Lantejoulas e veludo

A Macy’s está a capitalizar com o facto de os consumidores estarem a escolher malas e sapatos metalizados, blazers de veludo e pérolas entre a oferta de vestuário de festa elegante. A empresa está entre os vários retalhistas que foram forçados a investir fortemente em trazer a produção para mais perto do país.

A Macy’s revelou que está a usar múltiplos portos para reduzir os congestionamentos, a manter abertos os seus centros logísticos 24 horas por dia, sete dias por semana, a fazer parcerias com a gigante de envios Makers para eficientemente tirar os seus produtos dos portos e a contratar mais de 20 mil pessoas para a logística.

Os designers estão igualmente a usar têxteis com brilho nas suas propostas, com lantejoulas, por exemplo, em referências aos anos 90 e às festas de mudança de milénio no ano 2000, destaca Macarena Blanco. A Heuritech identificou uma subida em tendências como botas com brilho, que estão a subir 15% nos EUA em comparação com o ano passado, e uso de penas, que aumentou 42% na estação de final de ano.

Neiman Marcus [©Neiman Marcus]
«Depois de termos todos sido um pouco forçados a desaparecer do mundo, queremos celebrar, divertirmo-nos e partilhar com os outros», afirma a designer de moda Christelle Koche.
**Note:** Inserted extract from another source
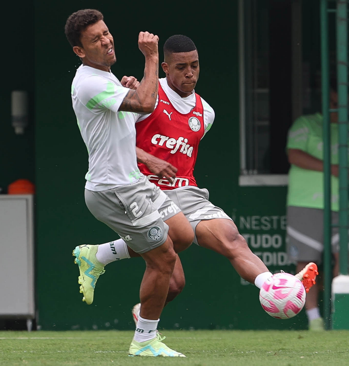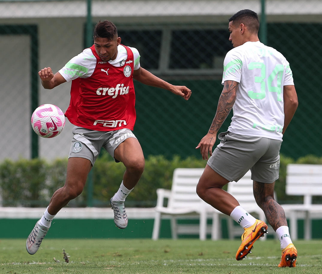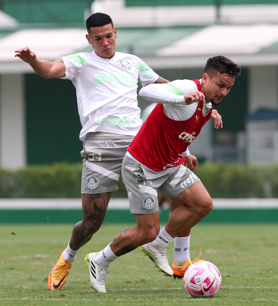 Os jogadores Fabinho e Artur (D), da SE Palmeiras, durante treinamento, na Academia de Futebol. (Foto: Cesar Greco/Palmeiras/by Canon)

A designer emergente indica que procurou trabalhar conceitos como a individualidade e para esta época de Natal está a oferecer uma série de vestidos justos em veludo, incluindo um com chamas cor de rosa num dos lados.
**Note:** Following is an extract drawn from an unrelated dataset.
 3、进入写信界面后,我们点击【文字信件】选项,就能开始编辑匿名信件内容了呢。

Lana Todorovich, presidente e diretora de merchandising na Neiman Marcus, descreveu a emergência de «um estilo dramático e sem arrependimentos» dos consumidores à medida que se aproxima a época de Natal, citando a popularidade de peças decoradas com lantejoulas e penas de marcas como a Balmain e a Tom Ford.
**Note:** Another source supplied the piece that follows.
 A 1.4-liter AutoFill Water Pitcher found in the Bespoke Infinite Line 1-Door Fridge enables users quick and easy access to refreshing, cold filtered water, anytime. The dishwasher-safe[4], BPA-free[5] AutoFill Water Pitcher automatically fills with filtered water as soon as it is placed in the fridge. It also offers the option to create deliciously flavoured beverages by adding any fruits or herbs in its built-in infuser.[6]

As vendas mundiais de vestuário de designer deverão atingir 90,16 mil milhões de dólares, um aumento de 11,6% em comparação com o ano passado, mas ainda 10 mil milhões de dólares abaixo do valor registado em 2019, antes da pandemia de Covid-19, segundo os dados do Euromonitor.

Consciente dos riscos de ter pouco stock, a Meghan Fabulous, uma produtora de vestuário que depende de fábricas na Índia, na China e em Los Angeles, comprou, para esta época de Natal, mais vestuário de festa em verde e vermelho do que no mesmo período do ano passado e neste início de novembro tem cerca de 10 mil vestidos a «flutuar em cargueiros no Oceano Pacífico». O diretor-executivo Steve Dunlap confessa-se preocupado que não cheguem antes de janeiro. «É o meu cenário de pesadelo. Vão vender-se, mas a maior parte deles vão ficar parados até à época festiva de 2022 se isso acontecer», conclui.